THE DATA:
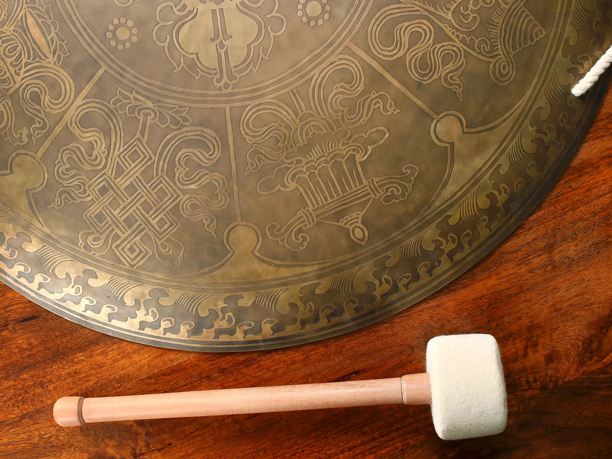 The eight good fortune emblems reflect the gods' contributions to Shakyamuni Buddha right after he acquired enlightenment. They are revered and carved on various ceremonial artifacts to boost their auspiciousness. This gong with a matt brown bronze finish and light engraving of the symbols in gold looks stunning and presents itself as an object blessed by the deities.
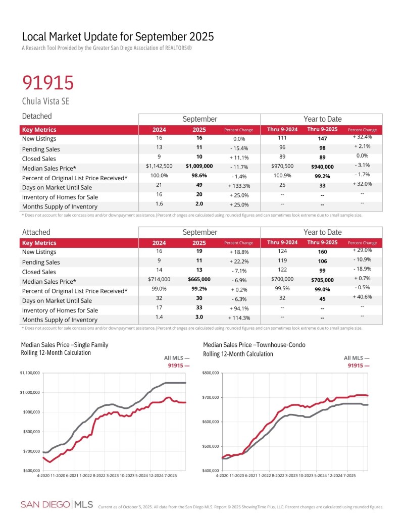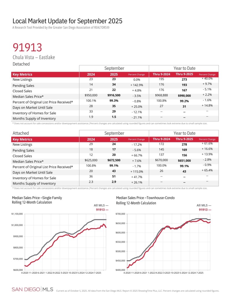 출라 비스타 동쪽지역 (Zip Code: 91913, 91915) 2025년 9월달 마켓 업데이트 입니다.
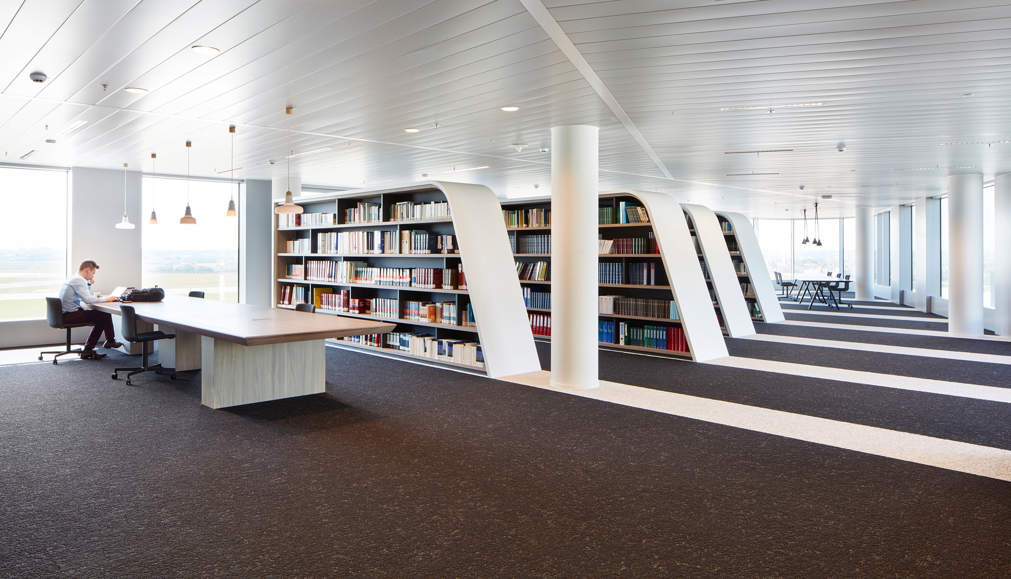 When Jaspers-Eyers Architects proposed a biophilic design that complemented the PassPort building, interior designer Natalie Schoonjans was tasked with developing the concept, using sustainable materials. Her idea was to make a fluid transition between three modulyss carpet tile collections – Moss, Leaf and Willow – that would run dynamically along the curved lines of the building. These three patterns, part of the Handcraft collection, explore the relationship between nature and craft in an organic design bringing earthy tones. Each design differs a little from the other, and can thus be combined in a perfect textural puzzle. “At KPMG,” Ingrid Sitters explains, “we opted for a calmer pattern around the workstations, and a more intricate texture for the aisles.”
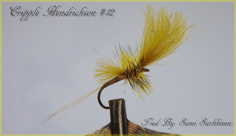 1. Sidotaan kyseisessä järjestyksessä. Ensin tulee etusiipi 2-3kpl, ja sitten pienempi taakse Siihen riittää 1-2cdc höyhentä, Kukko kiinni dubbaus ja päättelyhommiin!! Ja tietenki jos tekee tätä pienempään koukkuun riittää varmasti 1 cdc höyhen per siipi..
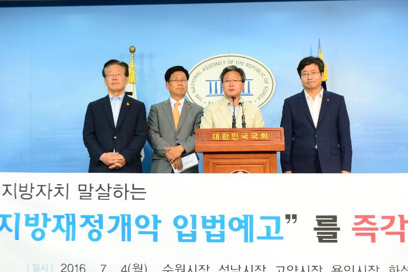| 4일, 국회 정론관에서 지방재정 개편 반대 공동성명서를 발표하는 채인석 화성 시장(사진 왼쪽에서 세 번째) (사진=화성시청 제공) |
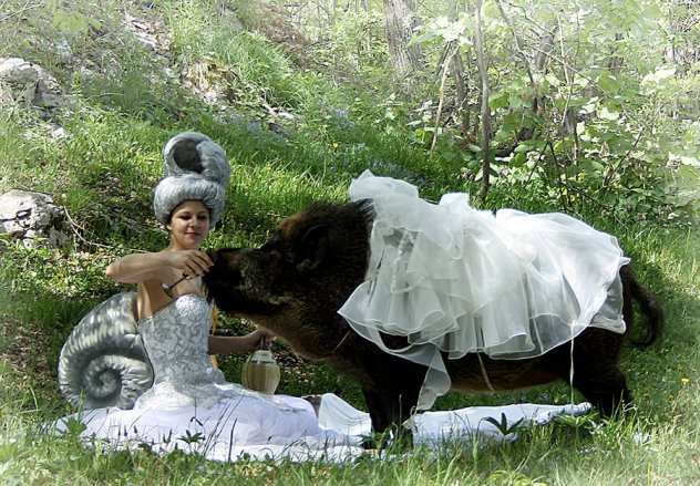 Opetovana tema transformacije ponavlja se kod Čekade više puta, kao da umjetnica, svjesno ili nesvjesno, pokušava pobjeći u vlastiti izmaštani svijet koji ima potpuno drugačije zakonitosti od ovog stvarnog kojeg dijelimo s njom, bježeći tako u prirodu transformirajući se u puža te iscenirajući piknik s veprom, kao u performansu “The picnic”, ili čak u smrt, kao u performansu “Post mortem high fashion”, uvijek sa dozom humora i autoironije, te pomnom pažnjom za svaki detalj kostimografije i scenografije. Nameće se zaključak da djelomično pokušava pobjeći od onih likova iz Muškog kutka s početka ovog teksta, koji sami sebe nazivaju šovinistima i time se očigledno ponose, a ja bih zaista više voljela da su njeni maštoviti i idilični umjetnički svjetovi stvarni, a da ova stvarnost u kojoj takvi ljudi postoje i siju mržnju prema svemu drugom i drugačijem, nije stvarna.
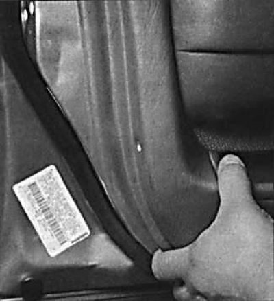 СНИМИТЕ ЗАДНИЙ НАРУЖНЫЙ УПЛОТНИТЕЛЬ ПЕРЕДНЕЙ ДВЕРИ
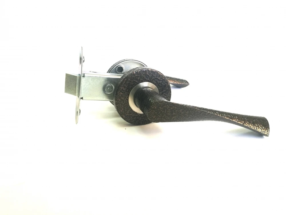 Защелка ЗЩ2.07 в комплекте с ручками. Ручки оснащены подпружиненным механизмом. Современный механизм обеспечивает плавную, но четкую работу ручек. Все крепежные элементы скрываются декоративной накладкой. Цвет: медь.
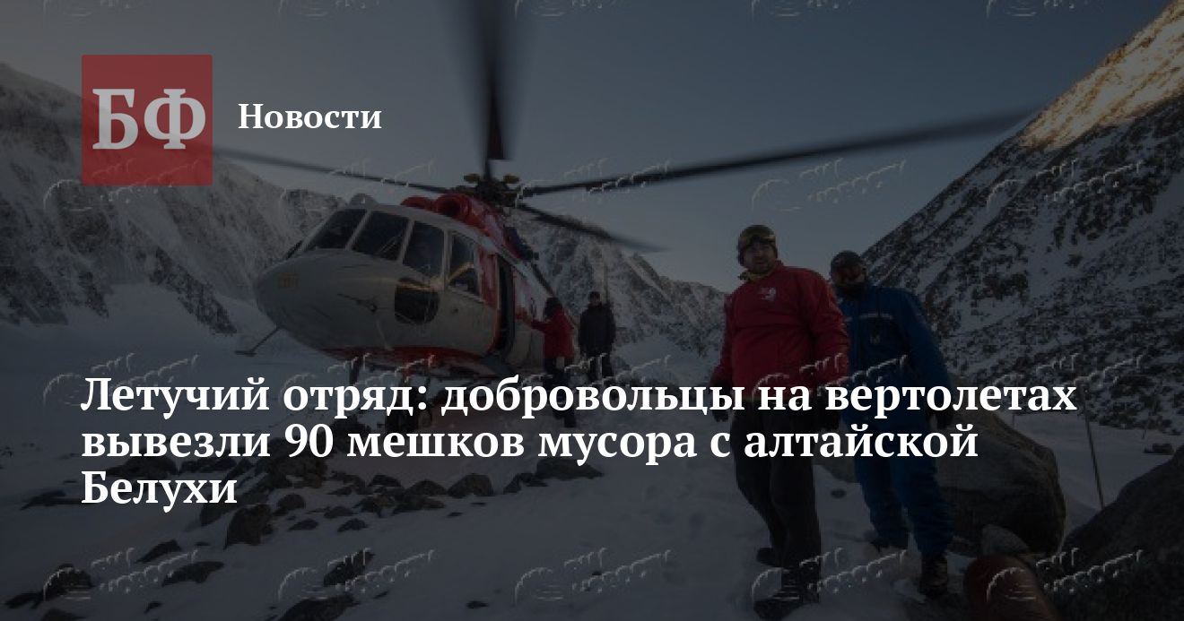 Волонтеры и любители горного туризма на вертолете Ми-8 «Авиалесоохраны» вывезли с одной из высочайших вершин России горы Белуха (4509 м) 90 мешков мусора, оставленного на ее склонах. Акция сопровождалась экстремальными трудностями, достойными голливудского блокбастера. О ней сообщает РИА «Новости» со ссылкой на учредителя благотворительного фонда «Сделаем Белуху чистой» Константина Еланцева.
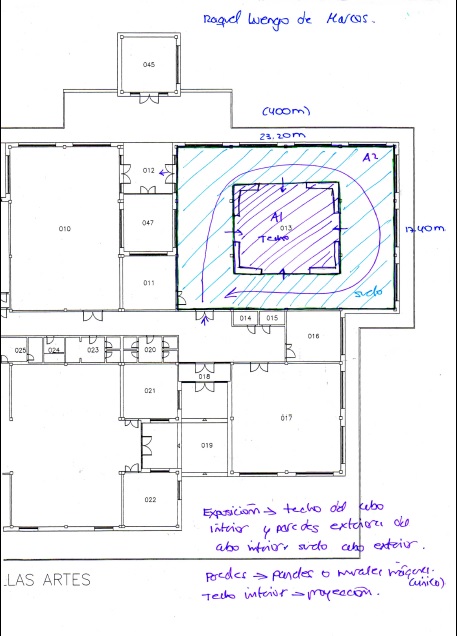 Disponemos de una sala de aproximadamente 400 metros cuadrados (23.20m x 14,40m) correspondiente al taller/aula de escultura situada en el Anexo 2. Debemos adaptar esta sala para la realización de una exposición bajo la temática de trabajo que cada de nosotros está desarrollando en su proyecto.
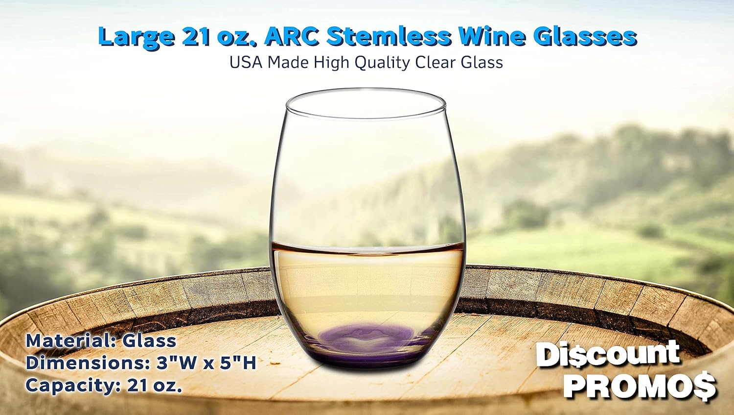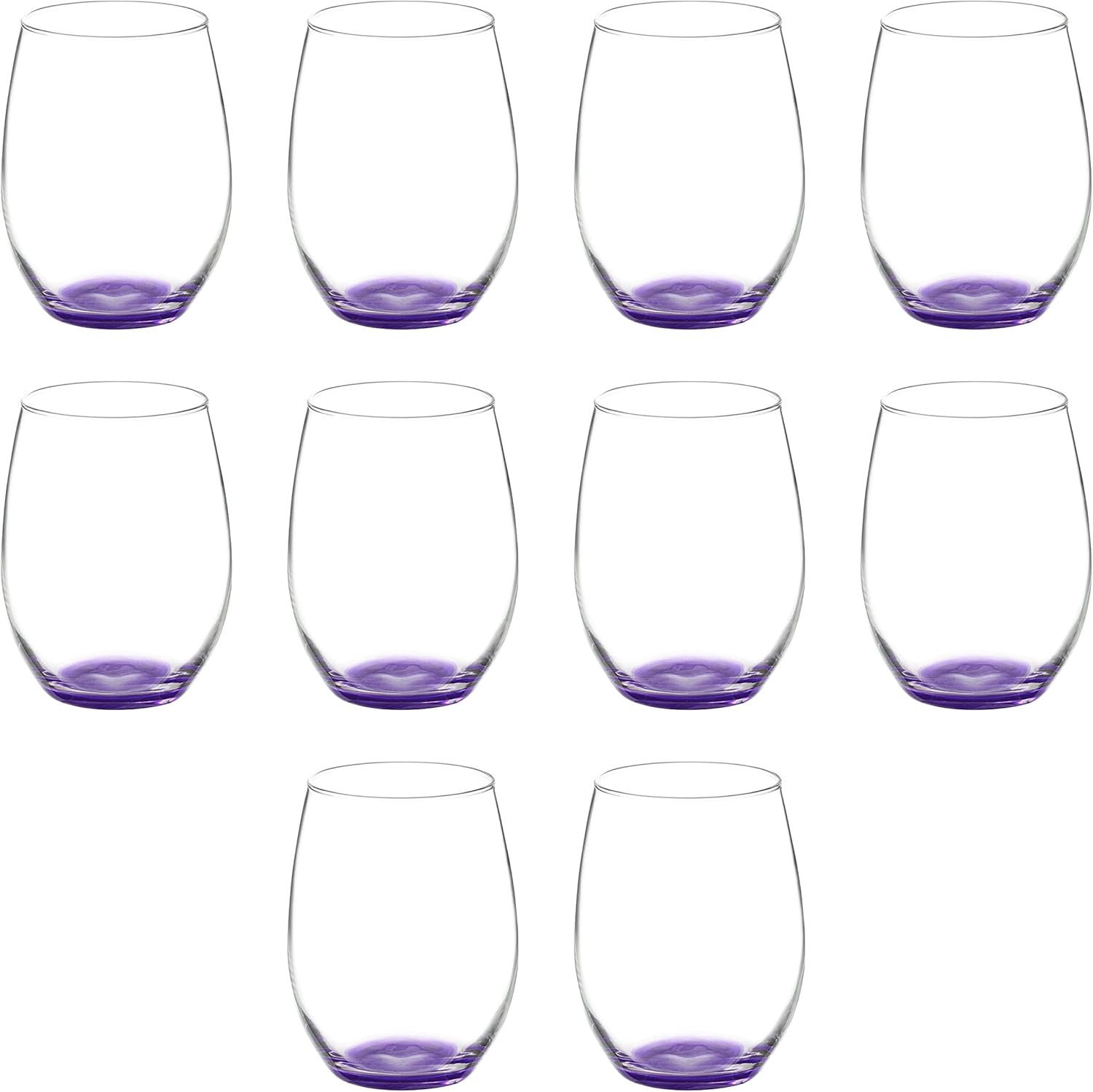 DISCOUNT PROMOS 10 ARC Stemless Wine Glasses Set, 21 oz. - Chardonnay, Cabernet, Merlot, Sauvignon - Purple

DESCRIPTION OF THE TASK:
The copy should hold only the lines from the one with "СНИМИТЕ ЗАДНИЙ НАРУЖНЫЙ" through the one with "Волонтеры и любители", exactly as they stand above. Leave out the pictures.

RESULT OF THE EXERCISE:
 СНИМИТЕ ЗАДНИЙ НАРУЖНЫЙ УПЛОТНИТЕЛЬ ПЕРЕДНЕЙ ДВЕРИ
 Защелка ЗЩ2.07 в комплекте с ручками. Ручки оснащены подпружиненным механизмом. Современный механизм обеспечивает плавную, но четкую работу ручек. Все крепежные элементы скрываются декоративной накладкой. Цвет: медь.
 Волонтеры и любители горного туризма на вертолете Ми-8 «Авиалесоохраны» вывезли с одной из высочайших вершин России горы Белуха (4509 м) 90 мешков мусора, оставленного на ее склонах. Акция сопровождалась экстремальными трудностями, достойными голливудского блокбастера. О ней сообщает РИА «Новости» со ссылкой на учредителя благотворительного фонда «Сделаем Белуху чистой» Константина Еланцева.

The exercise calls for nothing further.